▶ [YOUR INSTRUCTIONS]
Look below for the line holding "Outre l’appel de" and the line holding "Unlike traditional Helm". Transcribe exactly those lines and all lines between them, nothing more.

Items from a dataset
= = = =

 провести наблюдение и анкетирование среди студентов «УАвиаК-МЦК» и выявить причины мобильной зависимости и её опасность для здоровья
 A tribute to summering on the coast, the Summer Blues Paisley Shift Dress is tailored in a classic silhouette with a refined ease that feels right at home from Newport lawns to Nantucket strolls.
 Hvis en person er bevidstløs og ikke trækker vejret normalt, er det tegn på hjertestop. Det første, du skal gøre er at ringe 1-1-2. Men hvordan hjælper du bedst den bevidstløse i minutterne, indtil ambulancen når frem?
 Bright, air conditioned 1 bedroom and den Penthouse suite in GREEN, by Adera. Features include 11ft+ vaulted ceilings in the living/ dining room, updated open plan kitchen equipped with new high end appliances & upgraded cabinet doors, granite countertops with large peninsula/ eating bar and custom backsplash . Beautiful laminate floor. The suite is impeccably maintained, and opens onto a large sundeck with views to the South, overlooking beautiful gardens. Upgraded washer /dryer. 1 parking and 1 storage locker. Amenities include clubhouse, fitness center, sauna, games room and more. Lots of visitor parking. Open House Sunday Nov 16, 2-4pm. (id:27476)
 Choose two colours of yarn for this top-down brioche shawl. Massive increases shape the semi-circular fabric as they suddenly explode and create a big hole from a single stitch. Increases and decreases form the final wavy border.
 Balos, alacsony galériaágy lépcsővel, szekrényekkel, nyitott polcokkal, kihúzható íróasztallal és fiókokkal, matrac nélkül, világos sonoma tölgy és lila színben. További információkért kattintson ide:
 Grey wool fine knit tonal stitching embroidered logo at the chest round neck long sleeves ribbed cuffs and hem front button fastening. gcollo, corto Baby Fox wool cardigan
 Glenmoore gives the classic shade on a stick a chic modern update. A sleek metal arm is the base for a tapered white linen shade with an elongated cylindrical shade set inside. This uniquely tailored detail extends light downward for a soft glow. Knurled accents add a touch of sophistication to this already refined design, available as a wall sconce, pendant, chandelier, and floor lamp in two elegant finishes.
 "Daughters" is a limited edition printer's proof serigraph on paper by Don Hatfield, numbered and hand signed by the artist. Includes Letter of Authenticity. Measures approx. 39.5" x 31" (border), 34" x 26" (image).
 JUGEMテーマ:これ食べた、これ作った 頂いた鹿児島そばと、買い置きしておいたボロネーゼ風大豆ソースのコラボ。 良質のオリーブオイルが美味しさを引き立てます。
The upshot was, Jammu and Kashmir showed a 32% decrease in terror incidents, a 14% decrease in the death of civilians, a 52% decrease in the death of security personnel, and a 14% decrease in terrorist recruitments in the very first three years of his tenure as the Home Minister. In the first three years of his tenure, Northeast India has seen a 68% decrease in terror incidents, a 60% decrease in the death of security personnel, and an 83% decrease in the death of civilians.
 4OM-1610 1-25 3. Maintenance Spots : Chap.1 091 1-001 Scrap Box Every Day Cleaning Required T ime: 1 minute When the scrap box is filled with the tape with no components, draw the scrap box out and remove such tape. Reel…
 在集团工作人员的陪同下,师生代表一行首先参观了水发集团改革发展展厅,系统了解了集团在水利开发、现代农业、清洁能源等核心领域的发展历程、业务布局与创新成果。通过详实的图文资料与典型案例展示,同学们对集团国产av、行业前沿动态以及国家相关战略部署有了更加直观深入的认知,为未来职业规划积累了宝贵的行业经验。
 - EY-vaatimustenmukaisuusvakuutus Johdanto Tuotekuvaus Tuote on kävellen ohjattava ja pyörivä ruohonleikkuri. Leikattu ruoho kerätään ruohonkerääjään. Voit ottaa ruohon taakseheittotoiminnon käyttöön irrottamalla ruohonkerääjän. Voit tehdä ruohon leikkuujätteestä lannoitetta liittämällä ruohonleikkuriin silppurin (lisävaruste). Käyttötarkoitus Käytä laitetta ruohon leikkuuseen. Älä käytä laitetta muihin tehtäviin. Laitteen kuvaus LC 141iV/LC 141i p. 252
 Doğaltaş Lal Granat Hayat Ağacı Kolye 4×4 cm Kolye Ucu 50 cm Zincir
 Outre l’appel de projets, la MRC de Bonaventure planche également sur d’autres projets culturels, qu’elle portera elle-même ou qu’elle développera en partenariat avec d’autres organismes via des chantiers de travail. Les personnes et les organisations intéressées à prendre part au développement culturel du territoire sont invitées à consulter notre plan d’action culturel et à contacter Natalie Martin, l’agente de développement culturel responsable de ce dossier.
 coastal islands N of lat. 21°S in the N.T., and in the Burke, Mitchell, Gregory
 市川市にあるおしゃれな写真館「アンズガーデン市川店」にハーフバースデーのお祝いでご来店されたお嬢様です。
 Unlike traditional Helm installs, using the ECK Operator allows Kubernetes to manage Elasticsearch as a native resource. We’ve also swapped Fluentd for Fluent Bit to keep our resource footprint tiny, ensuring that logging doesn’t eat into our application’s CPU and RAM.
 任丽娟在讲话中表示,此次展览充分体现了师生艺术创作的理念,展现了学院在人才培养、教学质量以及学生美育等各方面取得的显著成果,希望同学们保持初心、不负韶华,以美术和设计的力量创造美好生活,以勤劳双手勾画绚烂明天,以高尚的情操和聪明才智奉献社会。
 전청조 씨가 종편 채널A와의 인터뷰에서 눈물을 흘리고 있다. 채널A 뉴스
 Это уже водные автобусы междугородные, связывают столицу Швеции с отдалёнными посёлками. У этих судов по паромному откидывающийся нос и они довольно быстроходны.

= = = =

▶ [SOLUTION TO THIS PROBLEM]
 Outre l’appel de projets, la MRC de Bonaventure planche également sur d’autres projets culturels, qu’elle portera elle-même ou qu’elle développera en partenariat avec d’autres organismes via des chantiers de travail. Les personnes et les organisations intéressées à prendre part au développement culturel du territoire sont invitées à consulter notre plan d’action culturel et à contacter Natalie Martin, l’agente de développement culturel responsable de ce dossier.
 coastal islands N of lat. 21°S in the N.T., and in the Burke, Mitchell, Gregory
 市川市にあるおしゃれな写真館「アンズガーデン市川店」にハーフバースデーのお祝いでご来店されたお嬢様です。
 Unlike traditional Helm installs, using the ECK Operator allows Kubernetes to manage Elasticsearch as a native resource. We’ve also swapped Fluentd for Fluent Bit to keep our resource footprint tiny, ensuring that logging doesn’t eat into our application’s CPU and RAM.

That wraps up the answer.